RWL and its associates hold or control shares in STH representing 25.66% of the total STH voting securities on issue. STH proposes to raise capital by way of a pro-rata non-renounceable rights issue. The rights issue is to be fully underwritten by RWL. If the rights issue is undersubscribed and RWL is called upon to take up the shortfall under its underwriting agreement, the resulting allotment to RWL will increase its voting control in STH, when taken with its associates, above 25.66%. This will trigger rule 6 of the Takeovers Code (the Code).

Shareholder approval under rule 7(d) of the Code for such an allotment is to be sought at STH’s annual general meeting, to be held on or about 12 November 2009. Rule 7(d) requires that the notice of meeting to be sent to STH shareholders (the notice of meeting) disclose the information specified by rule 16 of the Code. The exact numbers and percentages required to be disclosed by rule 16(b) will not be known at the time that the notice of meeting is prepared, owing to uncertainties in the level of shareholder participation in the rights issue. However, potential maximum numbers and percentages will be known.

The Panel has granted the following exemptions:

  • an exemption for RWL from rule 7(d) of the Code in respect of any increase in its voting control in STH resulting from the allotment of voting securities to RWL under the rights issue and underwriting agreement to the extent that that rule requires the notice of meeting to contain the information specified by rule 16(b); and

  • an exemption for STH from rule 16(b) of the Code in respect of the notice of meeting.

The Panel has granted these exemptions on conditions that require disclosure of the potential maximum number and percentage of voting securities that could be acquired instead of the exact number and percentages required by rule 16(b).
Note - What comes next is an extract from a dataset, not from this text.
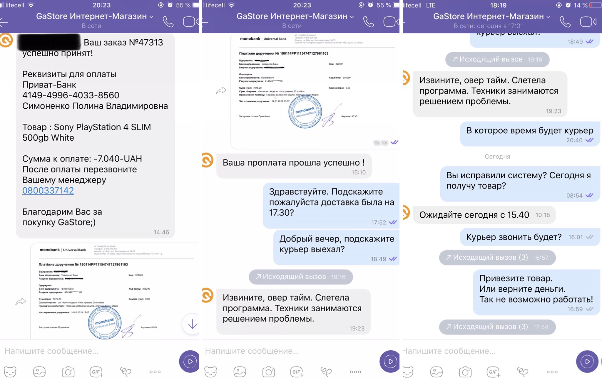 Текст что отправила в КиберПолицию: 14.01.2019 заказано було Sony PlayStation 4 SLIM 500gb White з сайту https://gastore.com.ua по акції за суму 7040 грн. Присвоєний номер заказу #47313 У 14.37 додзвонилася на номер, що представлений на сайті як менеджер - (063)-956-27-21. Менеджер уточнив призвіще та ім‘я, товар, що замовляю. Сказав, що через декілька хвилин перекине реквізити до оплати та передзвонить. Реквізити прийшли смс та повідомленням у VIBER. Через декілька хвилин дзвонить з`ясувати чи прийшли реквізити та сказав якщо оплата прийде протягом 40 хв то доставка товару буде о 16.30. О 15.07 через MonoBank перевела кошти 7040 грн + 35,20 (комісія) = 7075.20 грн загальна сума. В 15.10 прийшло повідомлення «Ваша проплата прошла успешно !» У 16.30 не було дзвінка від курьера та товар не приїхав. У 17.52 написала повідомлення , де запитувала чи не переплутала години доставки. У 18.49 вже запитала чи виїхав курьер. 18.17-19.16 намагалась додзвонитися хоть би за одним з номерів з їхнього сайту ( (063) 956 27 21 , (096) 538 44 30 , (044) 333 82 05 , (066) 839 61 73 ) але спроби були марними. У 19.16 подзвонила через систему VIBER на номер телефону через який писали( (099) 095 45 98 ) Трубку не взяли. Але в 19.23 відписали наступне «Извините, овер тайм. Слетела программа. Техники занимаются решением проблемы.» У 20.40 я уточнила в яку ж все таки годину повинен бути курьер. Відповіді не надійшло. Наступного дня 15.01.2019 о 9 годині відправила повідомлення у Viber з запитанням чи полагодили вони систему та чи отримую я замовлення. О 10.18 надійшло «Ожидайте сегодня с 15.40» У 16.01 запитала чи буде дзвонити курьер. 16.42-17.11 намагалася додзвонитися хоть би за одним з номерів з їхнього сайту ( (063) 956 27 21 , (096) 538 44 30 , (044) 333 82 05 , (066) 839 61 73 ) але спроби знов були марними. 16.46-16.57 подзвонила через систему VIBER 3 рази на номер телефону через який писали. ( (099) 095 45 98 ) О 16.59 написала повідомлення щоб привезли замовлення, або повернули кошти. 17.01 та 17.11 знову намагалася додзвонитися через VIBER ((099) 095 45 98 )

The Panel considers that it is appropriate and consistent with the objectives of the Code to grant the exemptions because—

  • it is impossible for the actual number of voting securities to be allotted and the relevant percentages required by rule 16(b) of the Code to be stated in the notice of meeting, as these numbers and percentages are dependent on the extent to which shareholders of STH participate in the rights issue; and

  • all non-associated shareholders will have an opportunity to vote on the potential allotment of voting securities to RWL under the various arrangements; and

  • if the non-associated shareholders approve the potential maximum allotment of voting securities to RWL, then, by implication, the shareholders also approve the allotment of a lesser number of voting securities to RWL; and

  • the rights issue will be conducted under registered prospectus. The ability for a shareholder to subscribe for securities and thus provide adequate funding to ensure a company's growth is an acknowledged method of raising capital in New Zealand, and the Panel should facilitate these arrangements by granting appropriate exemptions where necessary.


Issued under the authority of the Acts and Regulations Publication Act 1989.

Date of notification in Gazette: 29 October 2009.

This notice is administered by the Takeovers Panel.